§ **Exercise instructions**:
Excluding images, repeat the data exactly as given.

§ **Recorded data**:
● ● ● ●
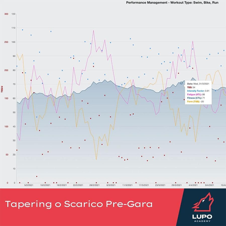Focalizzandoci sul massimizzare la performance, non possiamo però limitarci ad un fare meno riducendo i volumi a caso, questo significherebbe diminuire il nostro stato di Fitness (CTL).
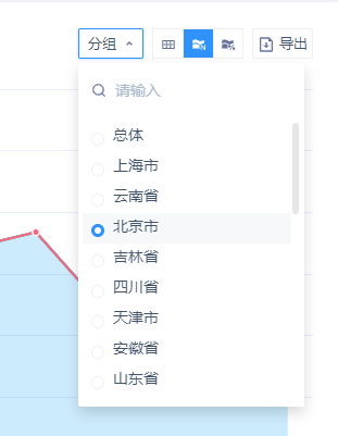 用户可以选择分组详情中的一项(单选)进行选择,选择后,将展示这个选项下的数值趋势图或百分比趋势图。
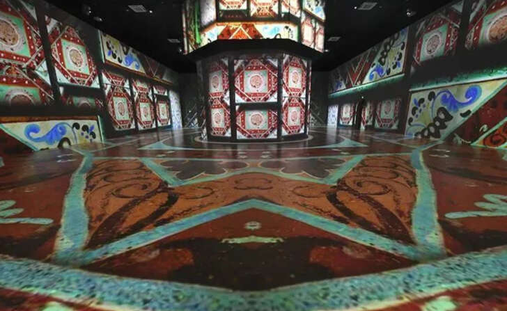 但舒适、长效的沉浸感,显然不能光靠视觉听觉的强行灌输,相伴技术应用,需要科学有效的艺术呈现促进观众的身心融入,以及认知与环境的交流。敦煌光影展中,依托常沙娜等艺术家的200余幅壁画作品展开美术设计,并特意遴选了藻井、中心塔柱窟等图案样式,进一步拓展沉浸演示。敦煌藻井纹样多达四百余种,实属“天花板”级的艺术品。莲荷纹、水涡纹、飞天纹等式样精致、五光十色,并各具不同时期的美学特点。经过放大、变形与拼接,再将视角由仰首转为环绕,藻井在重构之下,允许并鼓励观者零距离、全画幅感受,促成横看成岭侧成峰、远近高低各不同的美学观察与理解。以中心塔柱窟为灵感来源所设计的万花镜,亦有异曲同工之妙。
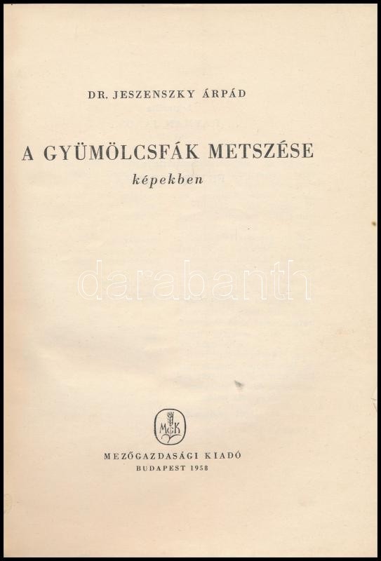 Dr. Jeszenszky Árpád: A gyümölcsfák metszése képekben. Mezőgazdasági K... https://www.darabanth.com/en/425-Online-auction/425.0/Books/Books-Gastronomy-and-Gardening~1000013/Dr-Jeszenszky-Arpad-A-gyumolcsfak-metszese-kepekben-Mezogazdasagi-Kiskonyvtar-Bp-19~II2713369
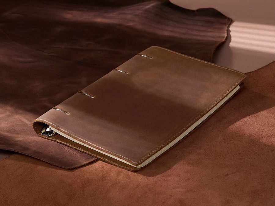 Ежедневник со съемным блоком на кольцах, выполнен из натуральной кожи.
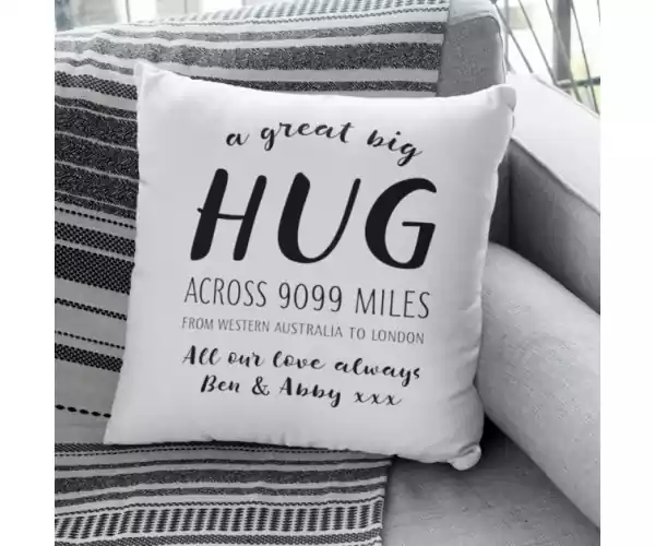 Are you searching for a thoughtful gesture to send to a distant friend or loved one? Need a way of reminding someone you can't see in person that you're always thinking of them? We have the perfect gift for you! Our 'Hug Across the Miles' huggable cushion is an affordable designed to give someone special a great big hug from you wherever you are! It is a thoughtful gift guaranteed to bring a great big smile too._x000D_
● ● ● ●
§ **Response**:
Focalizzandoci sul massimizzare la performance, non possiamo però limitarci ad un fare meno riducendo i volumi a caso, questo significherebbe diminuire il nostro stato di Fitness (CTL).
 用户可以选择分组详情中的一项(单选)进行选择,选择后,将展示这个选项下的数值趋势图或百分比趋势图。
 但舒适、长效的沉浸感,显然不能光靠视觉听觉的强行灌输,相伴技术应用,需要科学有效的艺术呈现促进观众的身心融入,以及认知与环境的交流。敦煌光影展中,依托常沙娜等艺术家的200余幅壁画作品展开美术设计,并特意遴选了藻井、中心塔柱窟等图案样式,进一步拓展沉浸演示。敦煌藻井纹样多达四百余种,实属“天花板”级的艺术品。莲荷纹、水涡纹、飞天纹等式样精致、五光十色,并各具不同时期的美学特点。经过放大、变形与拼接,再将视角由仰首转为环绕,藻井在重构之下,允许并鼓励观者零距离、全画幅感受,促成横看成岭侧成峰、远近高低各不同的美学观察与理解。以中心塔柱窟为灵感来源所设计的万花镜,亦有异曲同工之妙。
 Dr. Jeszenszky Árpád: A gyümölcsfák metszése képekben. Mezőgazdasági K... https://www.darabanth.com/en/425-Online-auction/425.0/Books/Books-Gastronomy-and-Gardening~1000013/Dr-Jeszenszky-Arpad-A-gyumolcsfak-metszese-kepekben-Mezogazdasagi-Kiskonyvtar-Bp-19~II2713369
 Ежедневник со съемным блоком на кольцах, выполнен из натуральной кожи.
 Are you searching for a thoughtful gesture to send to a distant friend or loved one? Need a way of reminding someone you can't see in person that you're always thinking of them? We have the perfect gift for you! Our 'Hug Across the Miles' huggable cushion is an affordable designed to give someone special a great big hug from you wherever you are! It is a thoughtful gift guaranteed to bring a great big smile too._x000D_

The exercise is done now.